Die deutsche Presse und der Irakkrieg

Verbeugung vor der Macht des Stärkeren

Von Peter Schwarz
25. April 2003

Gäbe es einen eigenen Berufsverband für Leitartikler, das passende Wappentier wäre der Wetterhahn. Seit dem militärischen Erfolg der USA im Irak hat sich der Wind im deutschen Blätterwald um 180 Grad gedreht.

Vor dem Krieg überwogen kritische Artikel. Die Missachtung des Völkerrechts und der Vereinten Nationen, die gefälschten Beweise über Massenvernichtungswaffen, die Öl- und Machtinteressen der USA wurden vielfach untersucht und verurteilt. Nach dem Krieg haben die Themen gewechselt: Die Verherrlichung vollendeter Tatsachen und die Verbeugung vor dem Recht des Stärkeren stehen nun im Mittelpunkt der Kommentare.

Wie immer in solchen Fällen gibt Die Zeit den Ton an.
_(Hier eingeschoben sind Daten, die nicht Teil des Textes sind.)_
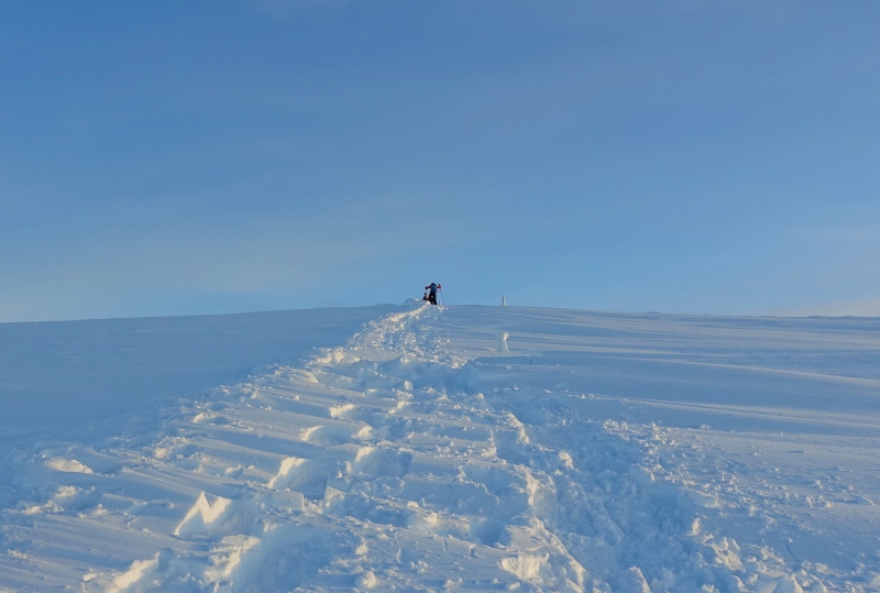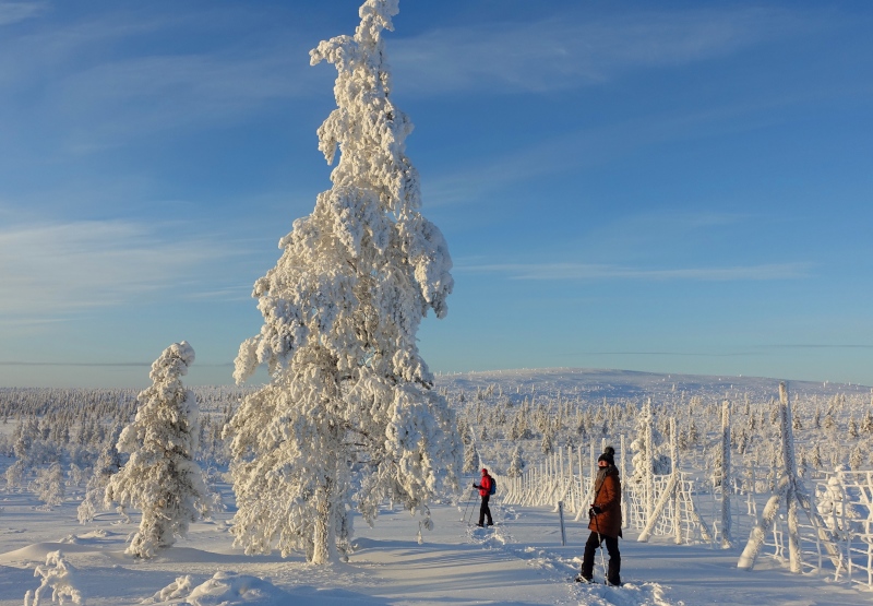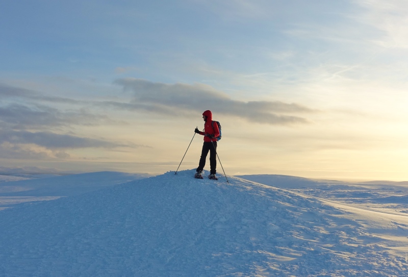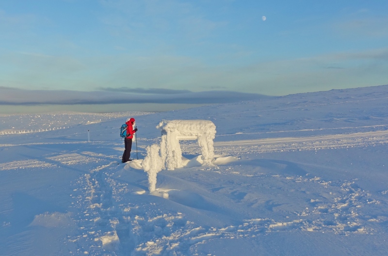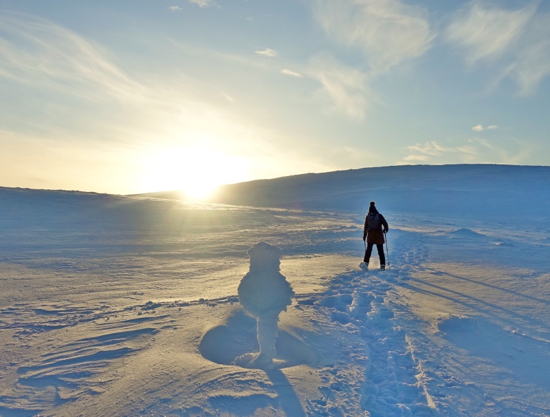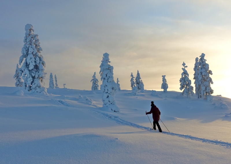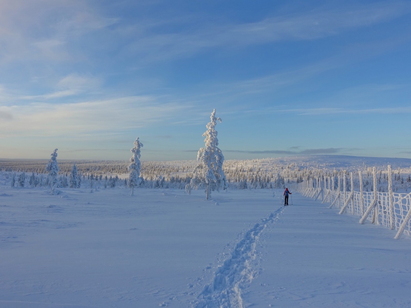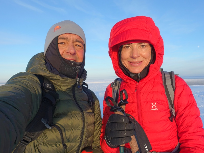 Wie ihr bereits gelernt habt, heißen die Berge hier Tunturi und sind nicht ganz so hoch, was aber nicht heißt, dass der Aufstieg nicht anstrengend ist. Die Baumgrenze liegt hier schon so bei 400 Meter und spätestens ab dort pfeift ein ordentlicher Wind, was einen die – 10 Grad nochmal deutlich kühler empfinden lassen. Wir haben uns davon nicht abschrecken lassen und sind auf den 570 Meter hohen Kiilopää Tunturi gestiegen. Wir haben unsere Schneeschuhe dabei und Ute konnte sich im nahe gelegenen Outdoorladen ein Paar ausleihen. Nach einem kleinen Strauchler am Anfang kam sie damit auch bestens zurecht, gut auf den Berg und natürlich auch wieder runter.

Wortreich, durchtränkt mit Moral und mit viel faustischem Ringen hat das Flaggschiff des deutschen Liberalismus die Wende vom Kriegsgegner zum Kriegsbefürworter vollzogen.

Am 6. März, zwei Wochen vor Kriegsbeginn, hatte Michael Naumann auf der Titelseite noch gegen "den Abschied vom Völkerrecht im Namen einer amerikanisch definierten Weltordnung" und die "moralisch inspirierte Hegemonialpolitik" der USA gewettert. Er ließ keinen Zweifel daran, in wessen Interesse sich dieser Abschied vom Völkerrecht vollzieht: "Nicht die Mehrheit der amerikanischen Gesellschaft, nicht ihre Gewerkschaften, wohl aber ihre gewählte Elite im Kongress und die Lobby der militärisch-industriellen Interessengemeinschaft, die Erdölkonzerne und vor allem die ereignisverhexten Massenmedien" würden den amerikanischen Präsidenten unter Druck setzen.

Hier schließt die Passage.